SPATIUM (dirigé par Bastien Gallet avec la complicité de Christophe Hanna) a tout d’abord travaillé sur la relation d’un événement dramatique ou extraordinaire par le biais de divers récits à la première personne. Par exemple, comment les témoins, les acteurs, les commentateurs ou les autorités concernées racontent-ils la prise d’otages par "Human Bomb" d’une classe de maternelle à Neuilly et l’intervention finale des forces de police ? Quel espace y dessinent les souvenirs émotionnels ? Le groupe a privilégié deux moyens de retranscription : l’opéra et la sit-com. à mesure toutefois que ces deux formes s’élaboraient, s’éloignaient aussi leurs matériaux de départ, si bien que le groupe exposera surtout des traces et échos de l’événement pur, dénué de ses circonstances (bien plus que la mémoire d’un événement en particulier). D’un côté, la performance approche un lyrisme in situ, de l’autre la comédie cite ses décors de mémoire en abyme.
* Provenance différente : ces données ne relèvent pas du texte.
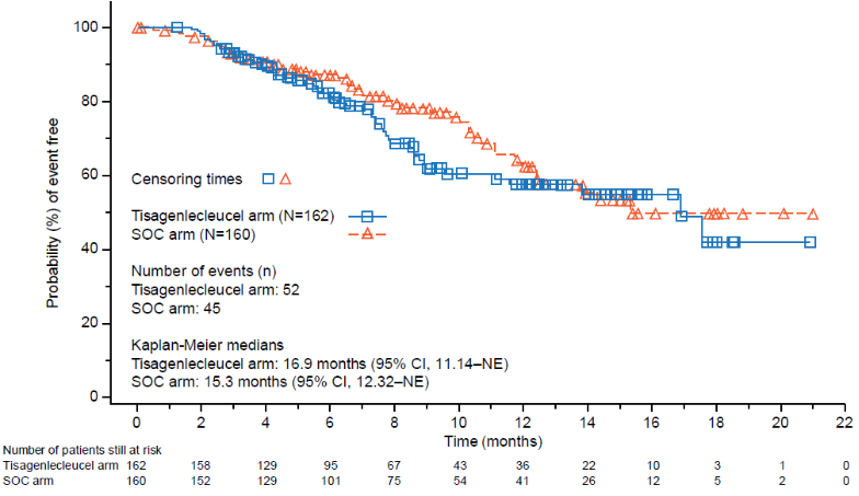 安全性方面,Tisagenlecleucel组和SOC组≥3级AEs发生率分别为84.0%和90.0%,Tisagenlecleucel组≥3级CRS和NE发生率分别为4.9% 和1.9%。

GYPSY (fomenté par Massimiliano Simbula) s’est inventé en rajoutant deux Y à l’acronyme GPS, pour inscrire des coordonnées peu fiables (sans X) et surtout pour pervertir la localisation policière en prenant le parti des nomades (des Roms). Il s’agit d’abord pour ce groupe de disparaître précisément des écrans-radars des autres groupes (on ne sait pas où ils sont) ; ensuite il est question pour eux de parasiter ou pirater le travail de leurs confrères en intervenant malignement au milieu de leur tranquille installation. Pour l’exposition, le groupe se propose par exemple de faire circuler des robots porte-caméra dans tout l’espace du Centre d’art, robots qui renvoient leurs images en temps réel vers un site de non-surveillance. Pareillement, les Gypsy boys disposent d’autocollants en quantité industrielle : de quoi marquer les murs et les cimaises des galeries, à moins qu’ils ne fassent avec du street art. Ici, on augmente en somme les pratiques du hacking en les dotant d’une instrumentation qui sorte de la Toile.
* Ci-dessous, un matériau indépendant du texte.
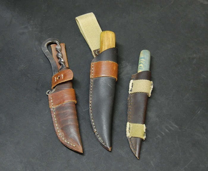 Этот нож поработал довольно неплохо. Хоть и особо неприметный, но довольно удобный. Отлично помещается в карман и в лесу хороший помощник Ножны у него из кожи. Тоже самодельные. Остатки тряпочного ремня это попытка в интересную систему подвеса. Толком ничего не получилось и осталось как есть.

Pour une exposition classique, on dirait sans plus de précision que le commissaire général de HIC est Julien Bouillon ; mais comme il s’agit d’une exposition de recherche (et d’une recherche sur l’exposition), nous dirons plutôt que Julien Bouillon fait office de commissaire : il se contente de régir le campement de la recherche dans les espaces d’exposition.